MediSecure, an Australian prescription supply service supplier, revealed that roughly 12.9 million individuals had their private and well being data stolen in an April ransomware assault.
The corporate was pressured to close down its web site and cellphone strains to include the assault, disclosing it on Could 16 as a “cyber security incident.”
On the time, the Australian Nationwide Cyber Safety Coordinator (NCSC), who was serving to MEdiSecure to mitigate the breach, described it as a “large-scale ransomware data breach.”
Whereas investigating the ransomware assault, MediSecure discovered that the risk actors stole 6.5TB of knowledge, which has since been restored from a server backup.
“On 13 April 2024, MediSecure was made conscious of the Incident when it was found a database server had been encrypted by suspected ransomware. On 17 Could 2024, with the help of IT specialists, MediSecure efficiently restored an entire backup of the server and took instant steps to analyze the impacted data,” the corporate mentioned in a Thursday assertion.
“MediSecure can affirm that roughly 12.9 million Australians who used the MediSecure prescription supply service throughout the approximate interval of March 2019 to November 2023 are impacted by this Incident based mostly on people’ healthcare identifiers.

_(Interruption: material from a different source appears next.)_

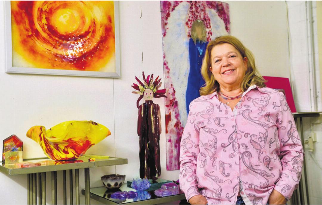 Kräftige Farbkombinationen – oft Ton in Ton – und leuchtende Durchsichtigkeit prägen die Glasobjekte aus dem Atelier der Unterlunkhoferin. Frisch pensioniert, geniesst sie es, in ihrem Kunstschaffen voll aufzugehen und immer wieder Neues auszuprobieren. Hat sie eine Idee, kann sie diese nun gleich umsetzen. Schneiden und sägen, kämmen, bohren und schleifen, mehrschichtig gestalten, matt und mit Glanz.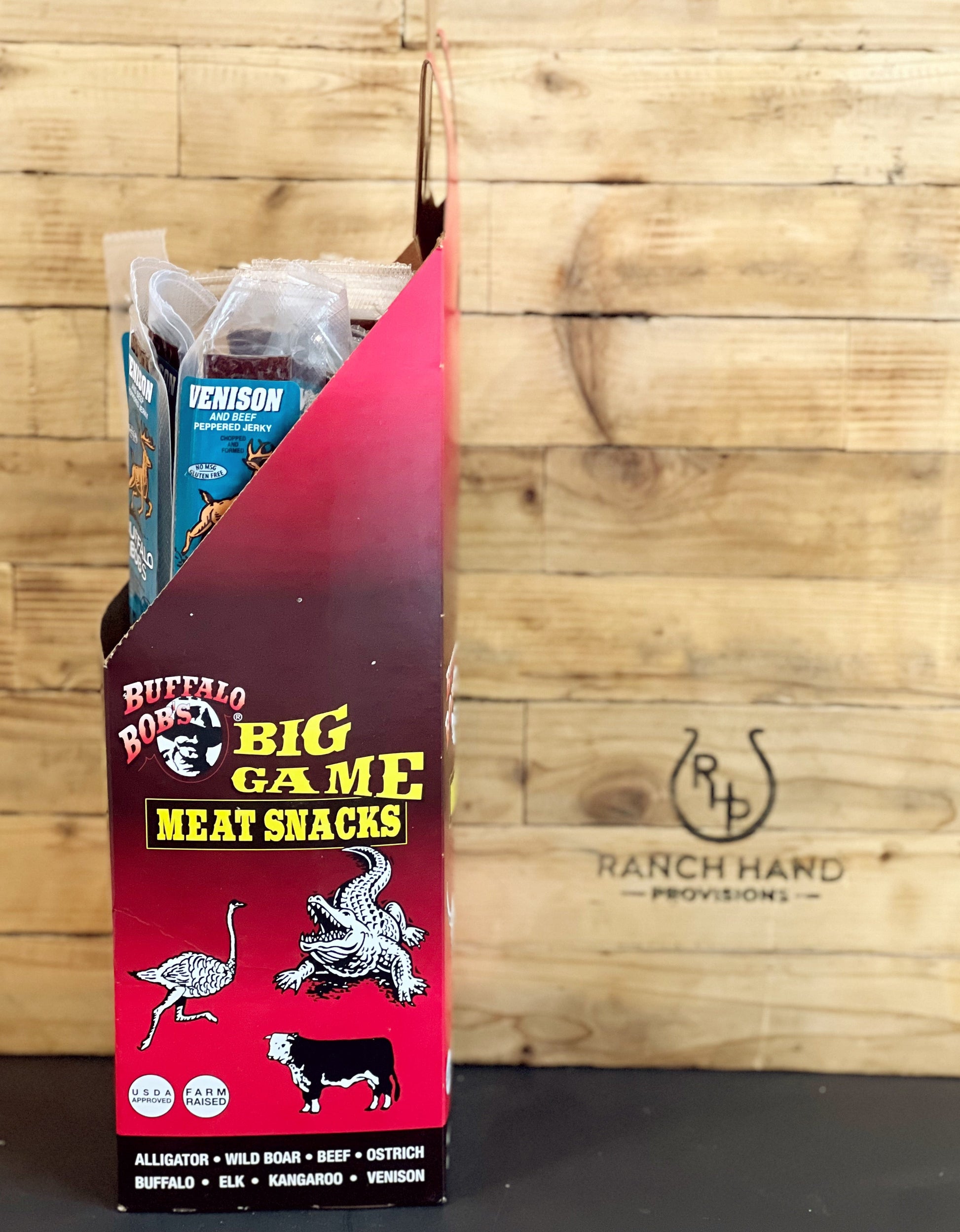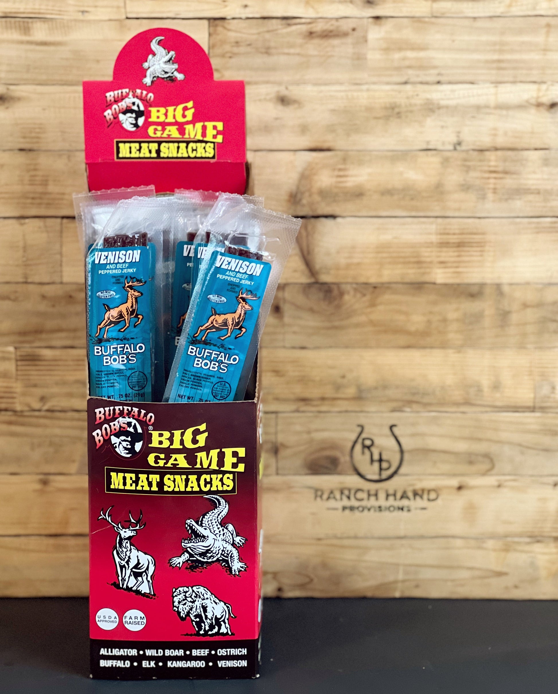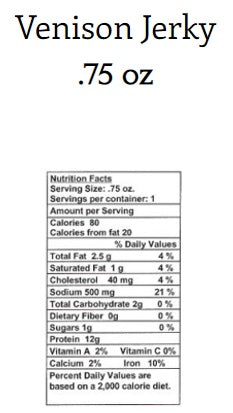 Ingredients: Venison, Beef, Salt, Brown Sugar, Spices, Black Pepper, Onion Powder, Garlic Powder, Celery Powder.

Nevertheless, MediSecure is unable to determine the precise impacted people regardless of making all affordable efforts to take action as a result of complexity of the information set.”
The non-public and well being data impacted by this breach pertains to prescriptions distributed by MediSecure till November 2023, together with names, dates of beginning, addresses, contact data (cellphone numbers and electronic mail addresses), particular person healthcare identifier (IHI), Medicare card numbers, prescription medicine (title of drug, energy, and amount), and purpose for prescription and directions.
It additionally included Pensioner Concession, Commonwealth Seniors, Healthcare Concession, and Division of Veterans’ Affairs (DVA) (Gold, White, Orange) card numbers.
“Be looking out for scams referencing the MediSecure data breach, and don’t reply to unsolicited contact that references the data breach skilled by MediSecure.” the Australian Nationwide Cyber Safety Coordinator warned on Thursday.
“If contacted by somebody claiming to be a medical or different service supplier, together with monetary service supplier, looking for private, cost or banking data it is best to dangle up and name again on a cellphone quantity you have got sourced independently.”
MediSecure was one in every of two Australian prescription supply companies till late 2023 when it was changed by one other firm, Fred IT Group’s eRx Script Trade (eRx).